Pichetto no solo reivindicó a Néstor Kirchner, sino también al exministro de Planificación Federal, Julio De Vido, al señalar que “le dio una dedicación importante a esta materia”, por ejemplo con el lanzamiento del ARSAT.

Además, pidió “muchos más Mercado Libre y menos cartoneros”, al insistir en sus críticas a los planes sociales y el “espíritu cartonero”, que “funciona perfectamente en Argentina”. “Seguimos dándole planes a los pobres para que se sigan consolidando como pobres”, se quejó.

Detalles de la flamante ley

El nuevo régimen de promoción de la economía del conocimiento tendrá vigencia desde el 1ro. de enero de 2020 hasta el 31 de diciembre de 2029.

Los beneficiarios gozarán de estabilidad fiscal sobre todos los tributos nacionales a partir de su inscripción en un registro nacional que se crea en el proyecto.

Como incentivo adicional, se establece un bono de crédito fiscal transferible por única vez, equivalente a 1,6 veces el monto de las contribuciones patronales que corresponda pagar, el cual deberá ser aplicado al pago de los importes a abonar, en carácter de anticipos o saldos de declaración jurada, en concepto de impuesto a las Ganancias e IVA.

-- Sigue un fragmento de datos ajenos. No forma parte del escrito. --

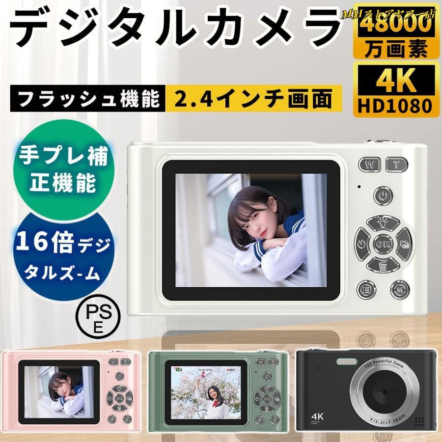 デジタルカメラ 4K 4800万画素 高画質 レトロ デジタルカメラ 自撮り 16倍ズーム 手振れ補正 IPS大画面 美顔 子供カメラ キ 2.4インチ 軽量 子供向け 動画 学生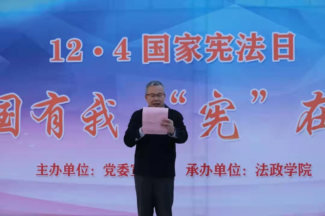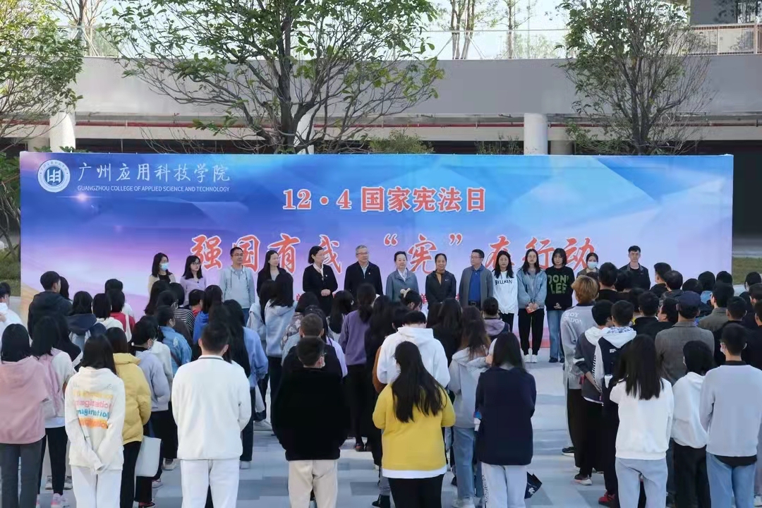 我校于12月3日下午在肇庆校区科技广场举办以“强国有我,‘宪’在出发”为主题的趣味普法活动。学校党委书记王永云、副校长刘志新等校领导,以及法政学院院长梁玉霞等领导出席活动。王永云书记在活动仪式上发表了讲话。王永云书记表示:“同学们应‘惟用法律自绳己’,自觉敬仰宪法、遵守宪法,做宪法的崇尚者、遵守者、捍卫者。”他对同学们提出了三点希望:一是怀抱理想,树牢信仰;二是加强学习,提升素养;三是知宪于心,守法于行。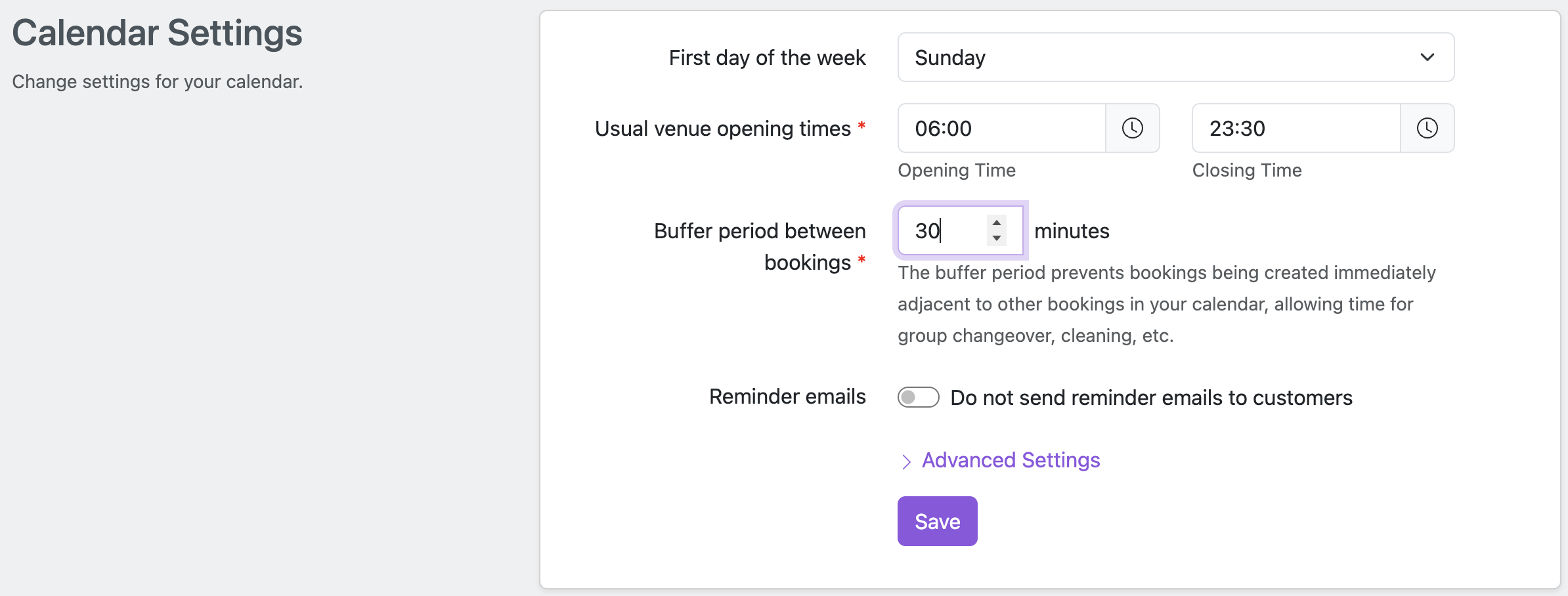 To define your buffer period, click click Settings in the navigation bar then click on Calendar Settings. Within the Calendar Settings pane, enter the buffer period and then click Save.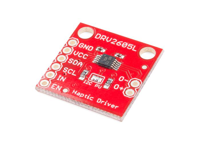The DRV2605L is capable of driving two different types of motors, ERM and LRA. It is important to know, however, that the default firmware for the DRV2605L is set for use with ERM type motors. We have created an Arduino library that makes the DRV2605L easy to use with six different ERM effects and one LRA effect.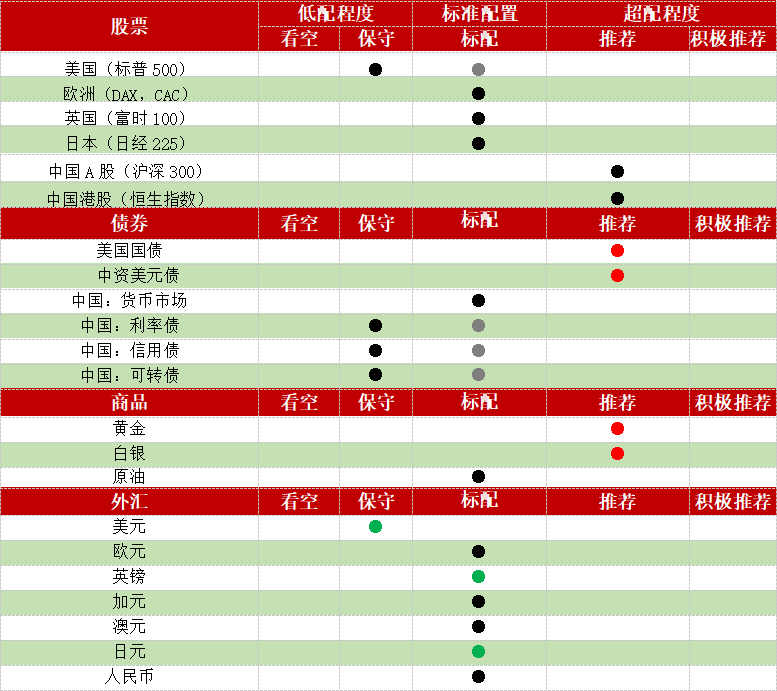 2023年中国银行投资策略研究中心大类资产配置一览

Cuando los trabajadores en relación de dependencia tengan título de doctor, el bono de crédito fiscal generado por ese empleado será equivalente a dos veces el monto de las contribuciones patronales correspondientes, por el término de 24 meses desde su contratación.

Por otra parte, las empresas quedarán alcanzadas por el Impuesto a las Ganancias en la alícuota reducida del 15% en la medida en que mantengan su nómina de personal; y además no serán sujetos pasibles de retenciones ni percepciones del IVA.

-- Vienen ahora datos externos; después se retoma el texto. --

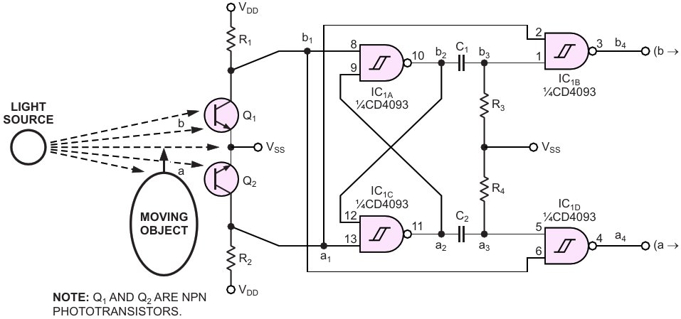Each output pulse from this circuit represents the direction of an object's movement past the two phototransistors, Q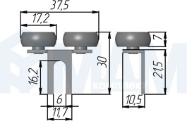 Комплектация: нижний ролик — 2 шт., винт для крепления нижних роликов — 2 шт., саморез с цилиндрической головкой SW5,0 X 35 KB/ШТ — 4 шт., верхний ролик симметричный — 2 шт.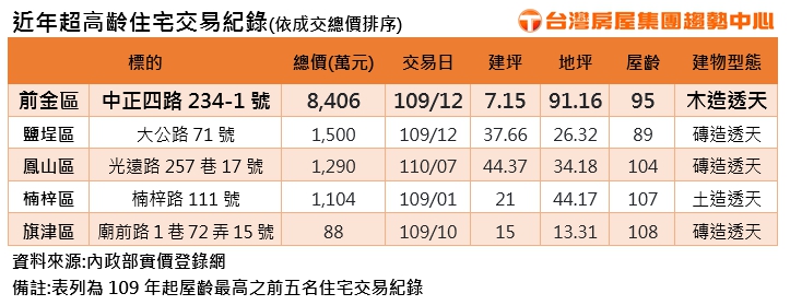台灣房屋美麗島中正加盟店店東劉坤旺指出,從去年至今,高雄也有不少百年老屋交易,屋齡最高為108年,但最有身價的是位於高雄前金區中正四路與成功一路口一戶95年木造老店面,僅7.15坪大小,卻要價8406萬元成交,堪稱近期高雄又老又小又貴的超高齡屋代表。

Asimismo, cada beneficiario tendrá que abonar anualmente un monto de hasta el 1,5% del monto total de los beneficios fiscales otorgados, que será destinado al Fondo Fiduciario para el Desarrollo de Capital Emprendedor (FONDCE), creado en la Ley 27.349.

El proyecto también crea un “régimen de incentivo para la participación privada en la financiación y sostenimiento de actividades de investigación en ciencia y tecnología aplicada a realizarse en instituciones universitarias”.